Implementation sketch

// New service
service AudioBridge {
  rpc StreamAudio(stream AudioFrame) returns (stream AudioFrame);
}

message AudioFrame {
  string session_id = 1;
  bytes opus_data = 2;
  uint32 ssrc = 3;          // who's speaking (incoming only)
  string user_id = 4;       // Discord user ID (incoming only)
  bool is_silence = 5;      // silence frame marker
}

// Worker side: implements audio.Connection via gRPC
type GRPCConnection struct {
    stream  AudioBridge_StreamAudioClient
    inbound chan audio.IncomingAudio
}

func (c *GRPCConnection) ReceiveOpus() <-chan audio.IncomingAudio { return c.inbound }
func (c *GRPCConnection) SendOpus(data []byte, ...) error {
    return c.stream.Send(&AudioFrame{OpusData: data, ...})
}

// Gateway side: bridges voice.Conn ↔ gRPC stream
func (gw *AudioBridgeServer) StreamAudio(stream AudioBridge_StreamAudioServer) error {
    // Forward incoming Discord audio → gRPC
    go func() {
        for frame := range voiceConn.ReceiveOpus() {
            stream.Send(&AudioFrame{OpusData: frame.Opus, SSRC: frame.SSRC, ...})
        }
    }()
    // Forward outgoing gRPC audio → Discord
    for {
        frame, err := stream.Recv()
        if err != nil { return err }
        voiceConn.SendOpus(frame.OpusData, ...)
    }
}

What to delete

VoiceProxyPlatform (pkg/audio/discord/voice_proxy.go)
captureVoiceCredentials (internal/gateway/sessionctrl.go)
registerVoiceServerForwarder / unregisterVoiceServerForwarder
UpdateVoiceServer gRPC method
client.VoiceManager = nil in botconnector.go
Voice credential fields in StartSessionRequest proto

Before committing to the rewrite

Do the quick diagnostic fix first (Option C) to confirm the root cause. It takes 30 minutes and tells you whether the issue is permissions, zombie connection, or something else. Even if you proceed with Audio Bridge, knowing the root cause informs future decisions.
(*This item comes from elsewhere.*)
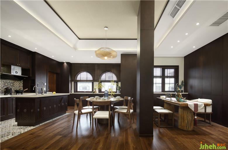 餐廳開放式空間以質(zhì)樸溫馨的中性色彩為主,采用實(shí)木的餐桌、座椅,純天然的材質(zhì)散發(fā)出自然的氣息。在裝飾品局部的細(xì)節(jié)上點(diǎn)綴鮮艷的黃色蝴蝶蘭自然溫馨中又帶著明快和熱情,這也是整個(gè)家給人的印象,沉靜與熱情并存。中西廚并兼,考慮到后期使用,室內(nèi)設(shè)計(jì)師運(yùn)用了小花磚的背景墻與地面,在整個(gè)空間中格外引人矚目??罩刑倬幍鯚艉筒妥酪涡纬闪撕魬?yīng),自然、古樸。

Specifically, add this before Op 4:

// Check bot's current voice state via REST API
vs, err := client.Rest().GetBotVoiceState(gID)
if err == nil && vs.ChannelID != nil {
    slog.Warn("gateway: Discord REST shows bot in voice (cache missed this)",
        "current_channel", vs.ChannelID)
}

// Check bot permissions on target channel
perms, err := client.Rest().GetChannel(chID)
// Log effective permissions

This will immediately tell you whether the issue is:

Stale voice state that the cache missed (REST shows bot in channel)
Missing permissions (CONNECT not in effective permissions)
Something else (REST shows correct state, permissions are fine)

5. Risk Assessment

Risk	Voice State Proxy (current)	Gateway Audio Bridge	Separate Worker Bot
Discord API change breaks us	High — undocumented credential replay	Low — uses standard voice join	Low — uses standard voice join
Silent failure	High — timeout is only signal	None — gRPC errors explicit	Low — gateway errors explicit
Latency impact	None (direct worker↔Discord)	Minimal (~2-4ms)	None (direct worker↔Discord)
Implementation effort	Already done (but broken)	Medium (new gRPC service)	Low (remove proxy code)
Operational complexity	Medium (credential debugging)	Low (standard gRPC)	High (two bot tokens)
Library upgrade risk	High (VoiceManager=nil hack)	Low (standard API usage)	Low (standard API usage)

Summary

The Voice State Proxy was a clever solution to a real problem, but it’s proven unreliable in production. Three attempts to fix it have all addressed symptoms rather than the root cause — which is almost certainly outside the Go code entirely (permissions or gateway health). Even if we fix the immediate issue, the architecture remains fragile.

The Gateway Audio Bridge eliminates the entire class of problems by keeping voice connection management inside disgo’s well-tested VoiceManager, at a trivially small latency cost. It’s the right long-term answer.